What you should do: Some entries follow. Reproduce exactly the lines starting at the one with "- Нюдовые оттенки" and stopping after the one with "Hoy, apaga el".

Items listed in a dataset
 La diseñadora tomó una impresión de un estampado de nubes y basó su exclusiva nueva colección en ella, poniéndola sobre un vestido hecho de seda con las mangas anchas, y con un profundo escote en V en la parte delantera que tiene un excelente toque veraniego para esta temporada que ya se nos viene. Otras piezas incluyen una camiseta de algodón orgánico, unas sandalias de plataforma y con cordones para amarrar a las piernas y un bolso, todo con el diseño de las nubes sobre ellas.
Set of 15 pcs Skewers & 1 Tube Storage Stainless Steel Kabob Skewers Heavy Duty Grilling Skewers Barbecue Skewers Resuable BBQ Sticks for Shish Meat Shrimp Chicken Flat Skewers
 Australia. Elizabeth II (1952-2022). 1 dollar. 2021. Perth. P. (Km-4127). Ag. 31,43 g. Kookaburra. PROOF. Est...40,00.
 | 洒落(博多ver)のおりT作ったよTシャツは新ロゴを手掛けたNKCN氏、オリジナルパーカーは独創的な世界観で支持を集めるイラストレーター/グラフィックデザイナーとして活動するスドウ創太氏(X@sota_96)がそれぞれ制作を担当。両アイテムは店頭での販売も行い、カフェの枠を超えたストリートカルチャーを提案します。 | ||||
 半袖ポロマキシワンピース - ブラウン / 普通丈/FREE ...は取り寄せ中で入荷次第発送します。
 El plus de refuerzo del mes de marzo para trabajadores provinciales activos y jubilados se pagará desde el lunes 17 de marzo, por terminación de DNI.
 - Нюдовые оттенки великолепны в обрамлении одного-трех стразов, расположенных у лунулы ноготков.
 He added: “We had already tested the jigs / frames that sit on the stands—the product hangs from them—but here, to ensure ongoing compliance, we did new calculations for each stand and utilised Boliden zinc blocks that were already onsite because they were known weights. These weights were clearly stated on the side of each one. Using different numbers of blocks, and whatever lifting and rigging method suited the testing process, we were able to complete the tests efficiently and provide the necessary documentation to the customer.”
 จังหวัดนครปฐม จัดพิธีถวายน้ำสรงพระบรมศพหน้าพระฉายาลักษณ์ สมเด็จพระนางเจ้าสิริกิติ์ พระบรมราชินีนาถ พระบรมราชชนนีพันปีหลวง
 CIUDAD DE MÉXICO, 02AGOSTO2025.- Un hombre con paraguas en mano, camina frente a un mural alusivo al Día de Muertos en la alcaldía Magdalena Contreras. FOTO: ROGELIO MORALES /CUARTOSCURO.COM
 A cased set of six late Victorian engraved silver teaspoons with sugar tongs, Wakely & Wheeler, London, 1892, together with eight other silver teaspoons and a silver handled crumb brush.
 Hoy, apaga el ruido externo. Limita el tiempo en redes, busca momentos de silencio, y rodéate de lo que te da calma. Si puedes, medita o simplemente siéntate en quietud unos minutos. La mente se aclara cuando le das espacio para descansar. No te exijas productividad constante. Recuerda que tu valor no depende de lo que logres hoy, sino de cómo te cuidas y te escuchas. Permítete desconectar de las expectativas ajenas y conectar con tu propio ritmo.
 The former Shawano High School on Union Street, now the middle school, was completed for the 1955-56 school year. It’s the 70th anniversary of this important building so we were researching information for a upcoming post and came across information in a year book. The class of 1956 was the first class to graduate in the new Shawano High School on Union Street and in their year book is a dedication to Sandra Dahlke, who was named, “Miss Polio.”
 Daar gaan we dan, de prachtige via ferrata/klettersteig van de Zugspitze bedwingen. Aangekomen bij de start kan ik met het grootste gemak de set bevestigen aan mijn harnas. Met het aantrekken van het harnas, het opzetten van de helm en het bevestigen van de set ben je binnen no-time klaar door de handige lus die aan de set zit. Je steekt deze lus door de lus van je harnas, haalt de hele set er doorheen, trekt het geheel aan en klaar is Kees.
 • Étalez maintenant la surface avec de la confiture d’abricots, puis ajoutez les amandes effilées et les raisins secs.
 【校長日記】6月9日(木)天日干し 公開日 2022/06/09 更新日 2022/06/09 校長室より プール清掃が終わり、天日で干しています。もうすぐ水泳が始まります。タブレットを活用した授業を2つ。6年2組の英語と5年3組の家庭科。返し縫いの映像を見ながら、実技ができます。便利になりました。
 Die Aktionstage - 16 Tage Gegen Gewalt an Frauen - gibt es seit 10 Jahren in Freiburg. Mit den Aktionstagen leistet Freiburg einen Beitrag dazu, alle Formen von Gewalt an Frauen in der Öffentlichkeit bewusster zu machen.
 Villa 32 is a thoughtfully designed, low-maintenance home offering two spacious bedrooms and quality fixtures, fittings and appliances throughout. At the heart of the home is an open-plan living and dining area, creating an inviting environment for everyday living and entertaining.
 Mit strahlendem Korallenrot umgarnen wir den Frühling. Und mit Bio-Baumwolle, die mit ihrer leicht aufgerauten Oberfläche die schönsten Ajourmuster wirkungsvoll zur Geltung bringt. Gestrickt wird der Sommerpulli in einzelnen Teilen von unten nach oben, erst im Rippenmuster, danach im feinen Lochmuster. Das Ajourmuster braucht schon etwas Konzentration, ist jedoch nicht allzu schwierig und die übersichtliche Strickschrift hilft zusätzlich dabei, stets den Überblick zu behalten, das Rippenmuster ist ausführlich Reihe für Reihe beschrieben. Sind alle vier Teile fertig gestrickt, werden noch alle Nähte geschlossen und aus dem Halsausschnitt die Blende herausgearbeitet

Task output:
 - Нюдовые оттенки великолепны в обрамлении одного-трех стразов, расположенных у лунулы ноготков.
 He added: “We had already tested the jigs / frames that sit on the stands—the product hangs from them—but here, to ensure ongoing compliance, we did new calculations for each stand and utilised Boliden zinc blocks that were already onsite because they were known weights. These weights were clearly stated on the side of each one. Using different numbers of blocks, and whatever lifting and rigging method suited the testing process, we were able to complete the tests efficiently and provide the necessary documentation to the customer.”
 จังหวัดนครปฐม จัดพิธีถวายน้ำสรงพระบรมศพหน้าพระฉายาลักษณ์ สมเด็จพระนางเจ้าสิริกิติ์ พระบรมราชินีนาถ พระบรมราชชนนีพันปีหลวง
 CIUDAD DE MÉXICO, 02AGOSTO2025.- Un hombre con paraguas en mano, camina frente a un mural alusivo al Día de Muertos en la alcaldía Magdalena Contreras. FOTO: ROGELIO MORALES /CUARTOSCURO.COM
 A cased set of six late Victorian engraved silver teaspoons with sugar tongs, Wakely & Wheeler, London, 1892, together with eight other silver teaspoons and a silver handled crumb brush.
 Hoy, apaga el ruido externo. Limita el tiempo en redes, busca momentos de silencio, y rodéate de lo que te da calma. Si puedes, medita o simplemente siéntate en quietud unos minutos. La mente se aclara cuando le das espacio para descansar. No te exijas productividad constante. Recuerda que tu valor no depende de lo que logres hoy, sino de cómo te cuidas y te escuchas. Permítete desconectar de las expectativas ajenas y conectar con tu propio ritmo.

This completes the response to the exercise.